Infectious esophagitis. Candida esophagitis with a foamy esophagus. This patient has a dilated esophagus with beaklike narrowing (arrow) at the gastroesophageal junction as a result of long-standing achalasia. Innumerable tiny bubbles are layering out in the barium column due to infection by the yeast form of candidiasis.
Infectious esophagitis. Herpes esophagitis. Double-contrast esophagram shows small, discrete ulcers (arrows) in the mid esophagus on a normal background mucosa. Note the radiolucent mounds of edema surrounding the ulcers. In the appropriate clinical setting, this appearance is highly suggestive of herpes esophagitis, since ulceration in candidiasis almost always occurs on a background of diffuse plaque formation.
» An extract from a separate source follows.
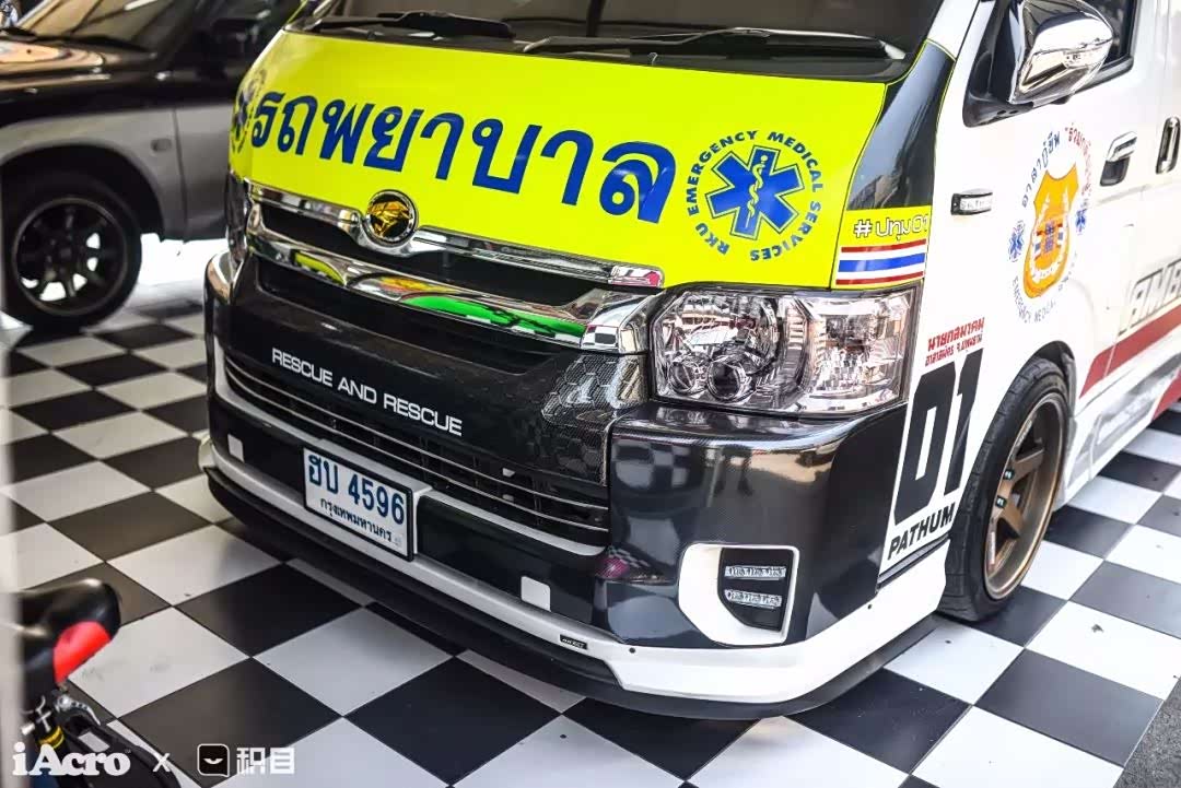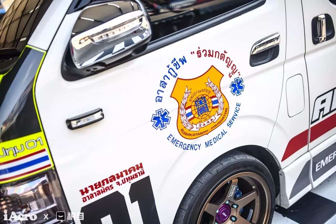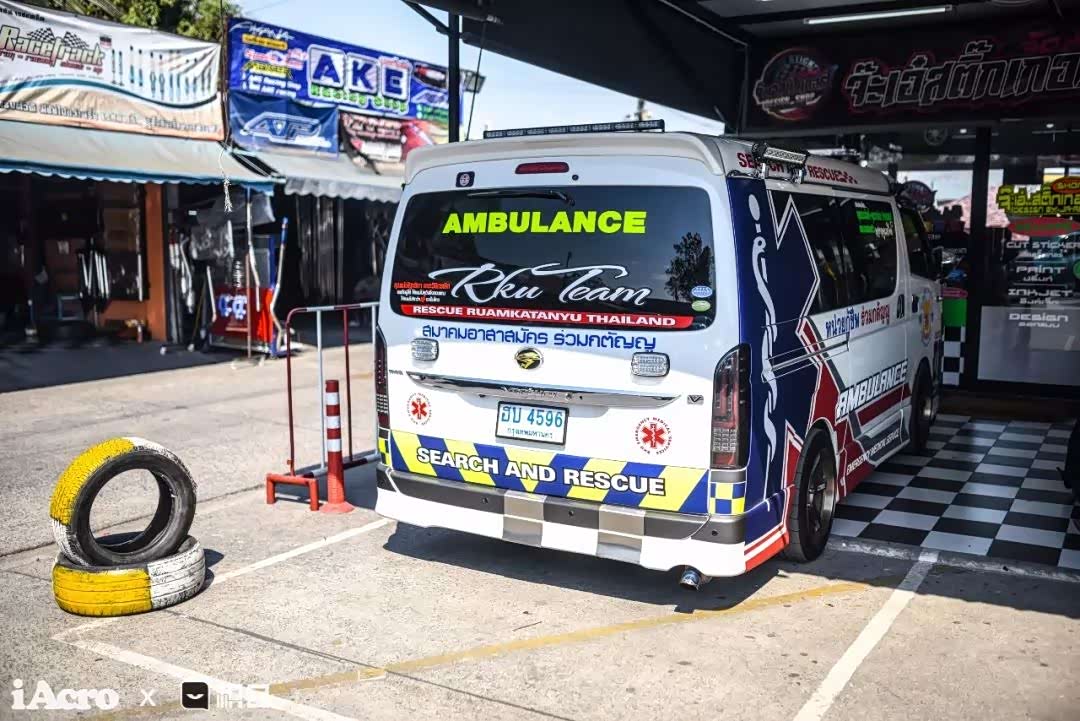 不要怀疑你的眼睛,这就是一台货真价实的救护车而非样子货。可能是哪位耐不住寂寞的司机趁着闲暇之余来这里给自己的工作伙伴继续做一些改动升级。如此造型的救护车在街上并不少见,避震与轮圈只是最基础的改装项目;设想一下这样一台救护车闪着警灯轰隆隆地快速超越自己的画面… 虽然很不真实,但这的确就是事实,这或许就是泰国人对改装理解的最好诠释

Infectious esophagitis. Cytomegalovirus esophagitis in a patient with AIDS. Double-contrast esophagram shows a large, flat ulcer in profile (large arrows) in the mid esophagus with a cluster of small satellite ulcers (small arrows). Because HIV esophagitis may produce identical radiographic findings, endoscopy is required to confirm the presence of cytomegalovirus before patients are treated.
Infectious esophagitis. Two examples of giant HIV esophageal ulcers (arrows) in patients with AIDS. In A, the ulcer is seen in profile, whereas in B, the ulcer is seen en face. Endoscopy is required to exclude cytomegalovirus as the cause of this finding before treating patients.